I watch Joe on DFA. I find his views interesting. I believe he tells it as he sees it which is a whole lot better than most of the media we are served up in NZ. Has he previously posted on this forum ?

Up
0

Troll Albert2020

Up
0

No, just calling you out on your bull$hit comments slagging off other commentators who aren’t here to respond. #topper

Up
0

Well you sure are trolling. Not probs just dont take your pent up frustrations out on your voiceless clients the animals. Enjoy

Up
0

I wonder if 2 Madden was meant to be 2 Turakina Street Grey Lynn. Homes.co.nz has it down as 199 Great North Road but has a whole bunch of recent sales against it.

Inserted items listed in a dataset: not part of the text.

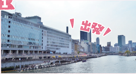
八軒家浜船着場 (はちけんやはまふなつきば)

「大川さくらクルーズ」の発着場所である八軒家浜船着場は、かつては京都・伏見と大坂を結ぶ舟運の拠点となる場所でした。周辺に八軒の船宿があったことから「八軒家浜」と呼ばれるようになりました。
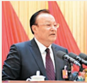
新疆代主席雪克來提·扎克爾。

香港文匯報訊(記者王辛鵬烏魯木齊報導)新疆代主席雪克來提·扎克爾日前在自治區第十二屆人大三次會議上作政府工作報告時指出,2014年新疆在暴恐事件頻發、經濟下行壓力增大的嚴峻形勢下,國民經濟發展主要指標均保持或鞏固了上行比全國快、下行比全國慢的局面,預計全年完成地區生產總值9,200億元(人民幣,下同),增長10%;全社会固定資產投資首次突破萬億元大關,達到10,185億元,增長25%。
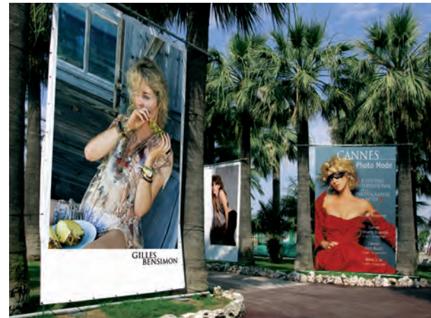
2007. Gilles Bensimon, invité du 5 e Festival
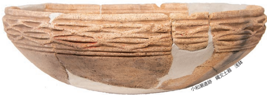
小和瀬遺跡 縄文土器 浅鉢
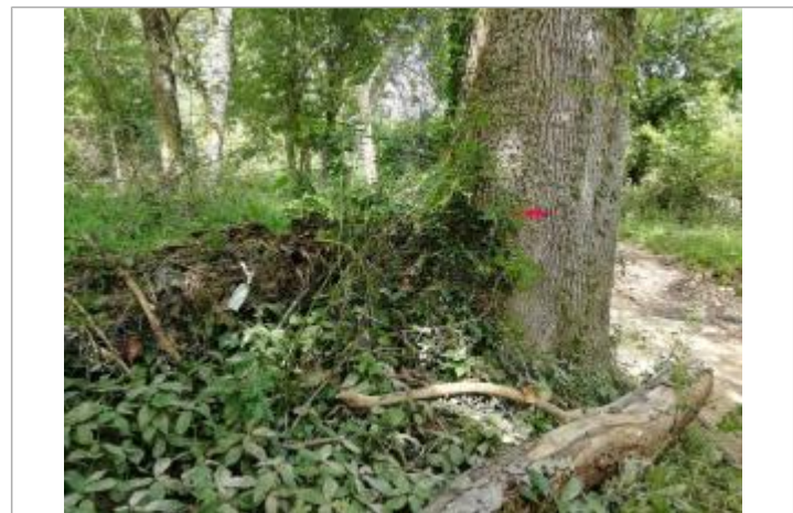
Vue sur la marque peinte de l'arbre et le feuillage sur le grillage

GÉNÉRAL Code : WEB_R_201901163303 Date de mise à jour : 16/01/2019 Auteur : Ghubert
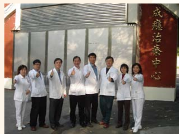
成癮治療團隊（左三）
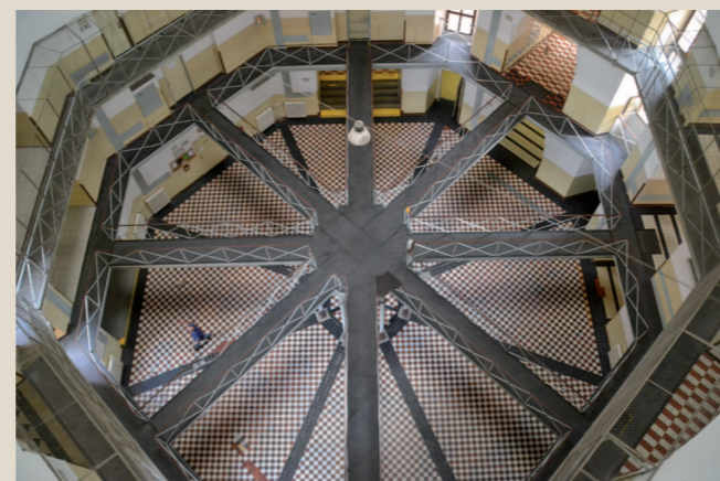
Interiér centrální haly, pohled z ochozu v patě kupole na původní soustavu lávek s centrální pozorovatelnou. (Foto S. Plešmíd, 2017)

Původní areál byl přísně symetrický podle kompoziční osy orientované ve směru jihovýchod – severozápad a kolmé k císařské/státní silnici z Plzně do Klatov (dnes Klatovská třída). Budovu věznice obklopuje vysoká ohradní zeď (původně s 12 strážnicemi), vymezení přibližně čtvercový půdorys se dvěma výrazně

Probably some scatter brains agent who got the street names mixed up.

https://www.barfoot.co.nz/projects/current-projects/crest

Up
0

The banks are certainly being DGMs so it is a surprise the market is still going like it is.
I am in the middle of a new build currently as a FHB and ASB just basically cancelled my mortgage approval citing the need to verify our incomes again due to Covid-19.
We aren’t exactly high risk I don’t think, with equity around 25% and DTI will be about 4x with 2 good permanent jobs.
But anyway now our builders are not getting paid while we wait for ASB to do their paperwork again so we can continue to draw down on our mortgage.
Our lawyer is saying ASB are by far the worst bank to deal with currently.

Up
0

Well that doesn't sound good!
We are currently trying asb for a turnkey new build.
I'm guessing you're doing a progress payment scheme?

Up
0

I think our problem is mainly because the build has been taking so long due to the lockdown.
Apparently they are reassessing all borrowers incomes again now to see if anyone has lost their jobs during lockdown.
We bought the section earlier in the year and paid for the geotechnical report and plans to be done. Now we have them done and have council consent about to be issued ASB suddenly won’t pay the next progress payment until they have checked our incomes again which seems to take a long time!
I have been banking with ASB all my life but would really struggle to recommend them as a mortgage provider now, their communication has been terrible and they never even mentioned the fact that we no longer had funding for our build until I tried to organise the next payment. Surely they could have told us earlier and we could have got things organised again well before now when we have builders wanting to be paid!